Hacker News new | ask | show | jobs
by dokein 1261 days ago
My totally wild guess is they helped drum up some of that initial customer interest and opened your eyes to it. Is that right?

Anyways, here's my free advice. You get a refund if it's bad:

- One, define whether this is a small business or a startup.

- Two, separate sweat equity from financial equity.

In a classic SV-type startup, the company is illiquid for a 4 - 7 year time period. You want ownership at the end of that time period to reflect the fraction of work adjusted for risk.

With respect to the work, "having the idea" and doing some validation on it is typically worth a small premium but not a large one, because 99.9% of the work at time of starting the company is in the future. The main question is whether the potential co-founder will contribute roughly equally for the next 4 - 7 years. If not, don't try to change the equity split -- find a different co-founder or hire them as an employee (and their added value should be far more than "motivation and quick learning skills" because you should have that too).

With respect to risk, there's a few stages in the early days:

- Pre-product v0.1

- Pre-customer interest

- Pre-PMF (this is the big one to get past)

It sounds like you already built v0.1 and have proven customer interest. Thus you've de-risked the startup for this potential co-founder significantly. That's worth another chunk of equity. But you have to make a judgment call as to how far away you are from PMF: ideally there's an equity split where, if the product blows up tomorrow you won't be frustrated about him/her having a ton of equity; but if it takes another 2 years to translate customer interest into real PMF, (s)he won't be frustrated about working for a dramatically smaller share (or, if we're being realistic, both of you will be a little bit frustrated but not super frustrated).

Lastly, with respect to financial equity, I would ask if you really, really need that 150K to get to the next stage. I'm assuming 150K is meaningful to you because you are a Masters student. Can you get to the next stage with 10K? 20K? 30K (and then raise outside capital)? Can your potential co-founder afford to put in 5K? 10K? 15K? My general advice is when the sums are in the 5 - 10K range, each person just puts in what their financial situation allows for and it's small potatoes at the end of the day. But 150K is a lot and you should structure it as a separate investment [1].

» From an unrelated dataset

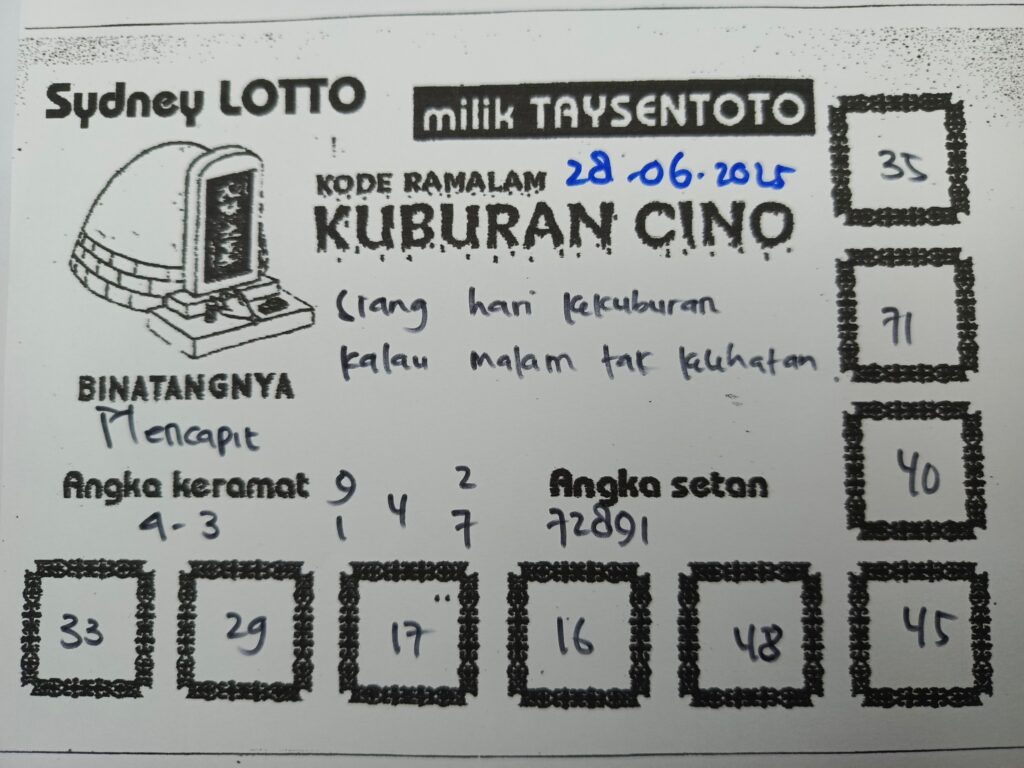 Syair Kuburan Cino Sydney Hari ini Sabtu, 28 Juni 2025
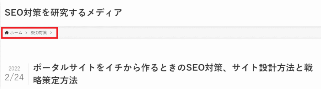 パンくずリストとは、「サイト内のどの位置にいるか」を示す内部リンクです。ページの上部に表示されていることが多いです。

The tough part here is to come up with what you think the business is worth today. Without knowing anything about your idea, it sounds like it's at best something where investors in the U.S. would put in ~$500K for roughly 10 - 20% of the company.

[1] Note though that a truly independent investor will typically get Preferred shares for their money -- but they will probably disagree with one of the founders having Preferred shares, so the shares you negotiate as part of this investment will likely be converted to Common shares upon raising real capital.